Unmet childhood needs leave behind gaping holes of emptiness - emptiness that, when unresolved, becomes a source of conflict in our life. A conflict - an inner turmoil - that we then project onto others. We subconsciously project our emptiness and pain - our unmet needs and feelings of loneliness - onto others in hopes that they, in return, might make us feel whole. This is a very dangerous myth and one that far too many of us fall into the trap of. The belief that someone else completes you or makes you whole. No, you complete; only you can do that. You are a whole person - point, blank, period. I’m no mathematician, but I know enough to know that the grand sum of two whole people is greater than the grand sum of two people who are seemingly half empty. Are you picking up what I’m throwing down?
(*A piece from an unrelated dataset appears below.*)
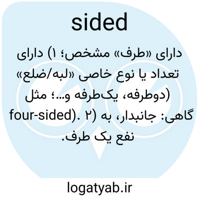 دارای «طرف» مشخص؛ ۱) دارای تعداد یا نوع خاصی «لبه/ضلع» (دوطرفه، یک‌طرفه و…؛ مثل four-sided). ۲) گاهی: جانبدار، به نفع یک طرف.

From Understanding to Loving

One of the simplest ways to identify the healthy and whole people in your life is to look for the individuals surrounding you who are comfortable and at peace being alone. These are the individuals in your life who have embraced the practice and the process of stillness and of silence - both literally and figuratively speaking, that is. Figurative silence - freeing yourself up from the noise of distraction(s) - is to remove the people and the things from your life that are not serving you in a reciprocal and healthy manner. They are not life-giving. Rather, they are just the opposite. They are life-draining. When you remove the noise - the distractions of life - you are then afforded the time and spaciousness to get to know your truest sense of self. And it is in that very space that you will be afforded the opportunity to explore and sit with yourself. Within this space, you will begin the process of unearthing your unmet needs > your unresolved conflict. And as you return to this stillness and this space, time and time again, you will begin to experience reconciliation within the “self” and ultimately, healing. A process that moves the “self” closer toward the experience of feeling and being whole.
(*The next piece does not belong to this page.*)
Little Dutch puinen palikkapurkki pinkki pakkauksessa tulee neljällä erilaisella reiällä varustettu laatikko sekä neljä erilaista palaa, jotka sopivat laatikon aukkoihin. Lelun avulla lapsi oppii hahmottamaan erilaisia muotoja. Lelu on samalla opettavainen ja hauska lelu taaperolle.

I use the word “process” here because it is important to note that wholeness is not a point at which one ever truly arrives. Rather, it is the horizon - the setting of the sun where the ocean meets the sky - that one sails toward on their journey toward discovering one’s truest sense of self. This is the path of both liberation and of suffering. Of capsizing waves and of gleaming skies. The fringes of your unchartered map where one begins to move from the known to the unknown. From discomfort to growth.


It is on this journey that you will understand what it means to embrace aloneness, and where you will begin to revel in all of its profound beauty and might. For this is the journey of self-love and of self-acceptance. This is the road less traveled. This is the road toward your inner kingdom of peace and happiness and joy. This is what it means to embrace the comfortability of being alone without actually being lonely.